- **What this task involves**
Set down exactly the lines that run from the one containing "These traditional Hyderabadi" to the end of the material below, both included, without pictures.

- **Given material**
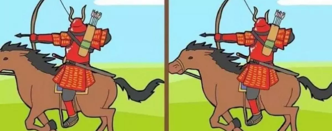 In de afbeelding hierboven zie je een krijger op een paard met pijl en boog. Op het eerste gezicht lijken de afbeeldingen identiek, maar er zitten drie kleine verschillen tussen. Je moet ze vinden in 18 seconden of minder.
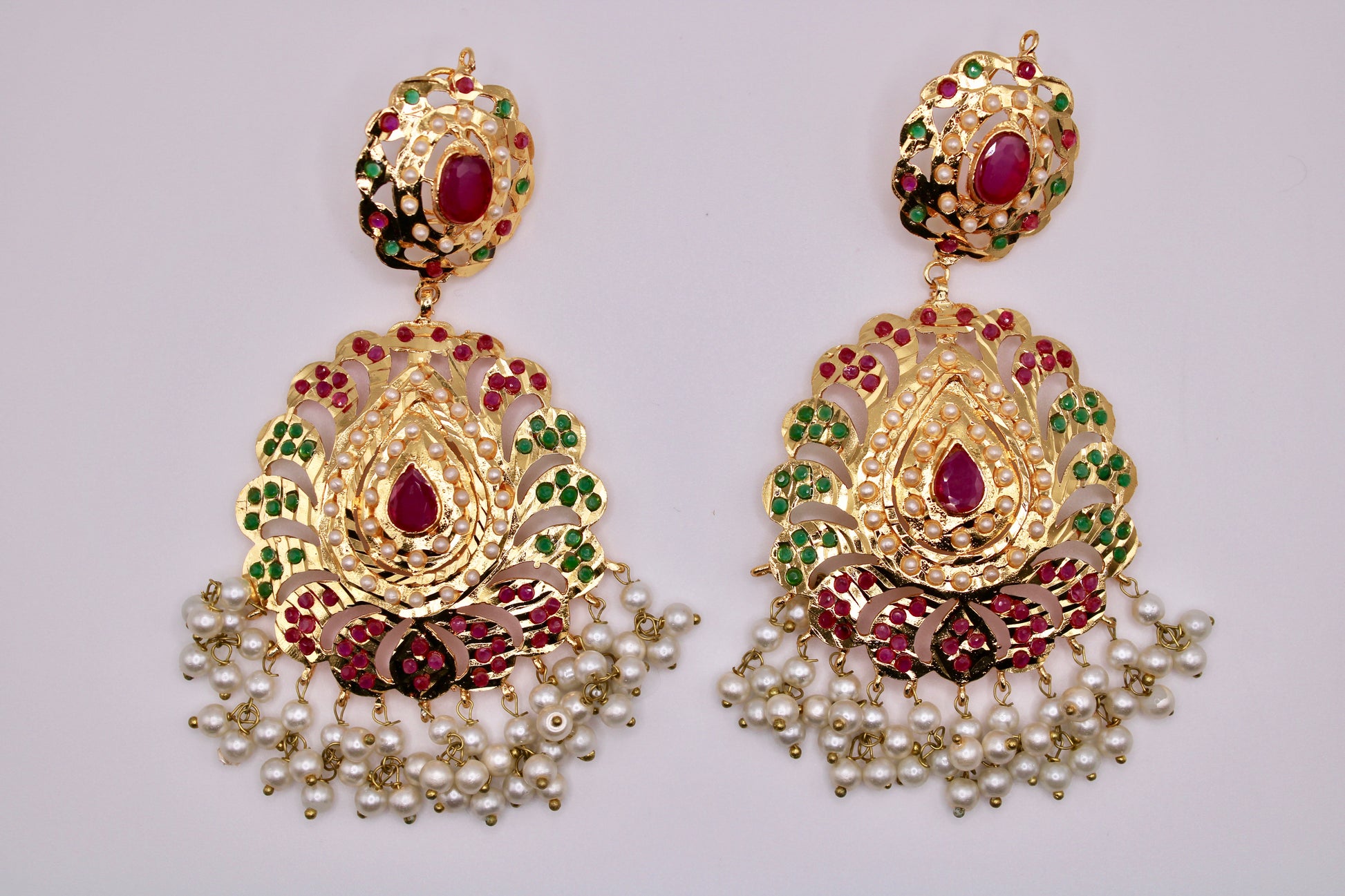 These traditional Hyderabadi earrings are gold-plated and complete with semi-precious ruby, emeralds and faux pearls.
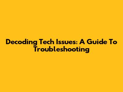 Decoding Tech Issues: A Guide To Troubleshooting

- **Written solution**
 These traditional Hyderabadi earrings are gold-plated and complete with semi-precious ruby, emeralds and faux pearls.
 Decoding Tech Issues: A Guide To Troubleshooting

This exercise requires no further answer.